Question
Assume that a fair die is rolled. The sample space is {1, 2, 3, 4, 5, 6} , and all the outcomes are equally likely. Find P(less than 2.) Write your answer as a fraction or whole number.
Answers
GPT-4o mini
To find the probability of rolling a number less than 2 on a fair die, we first identify the outcomes in the sample space, which is {1, 2, 3, 4, 5, 6}.
The numbers less than 2 in this sample space are:
- 1
There is only 1 outcome (rolling a 1) that is less than 2.
The total number of outcomes when rolling a die is 6.

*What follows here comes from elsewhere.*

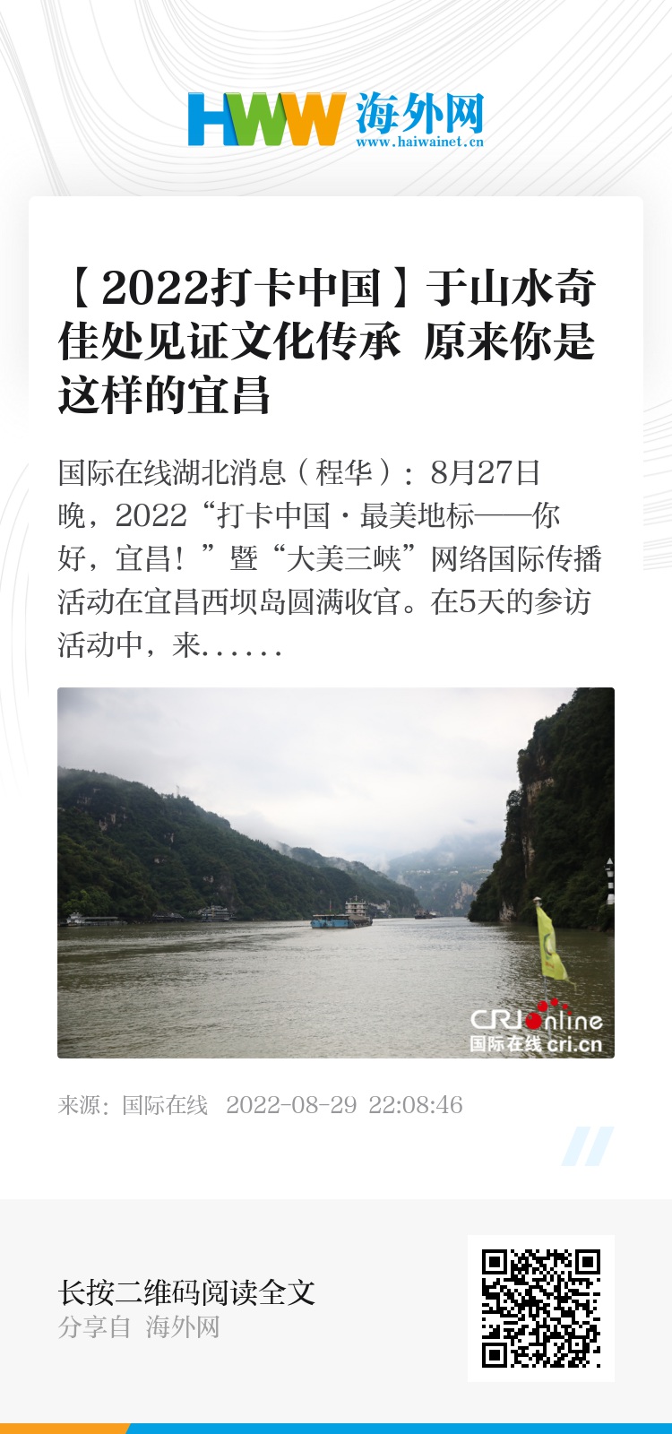短短5天的行程,外国网红真切感受到峡江的今昔变化、长江文化的保护与传承,见证了一个开放、多元、活力的宜昌。“有朋自远方来,不亦乐乎!”宜昌欢迎更多海内外宾客,一起欣赏山水美景,感受长江文化的多彩浪漫,领略峡江民俗风情,体验“壮美三峡、诗画宜昌”的魅力与风采。

The probability \( P \) of rolling a number less than 2 is given by the formula:
\[
P(A) = \frac{\text{Number of favorable outcomes}}{\text{Total number of outcomes}}
\]
In this case:
\[
P(\text{less than 2}) = \frac{1}{6}
\]
So, the probability of rolling a number less than 2 is \(\frac{1}{6}\).
The numbers less than 2 in this sample space are:
- 1
There is only 1 outcome (rolling a 1) that is less than 2.
The total number of outcomes when rolling a die is 6.
The probability \( P \) of rolling a number less than 2 is given by the formula:
\[
P(A) = \frac{\text{Number of favorable outcomes}}{\text{Total number of outcomes}}
\]
In this case:
\[
P(\text{less than 2}) = \frac{1}{6}
\]
So, the probability of rolling a number less than 2 is \(\frac{1}{6}\).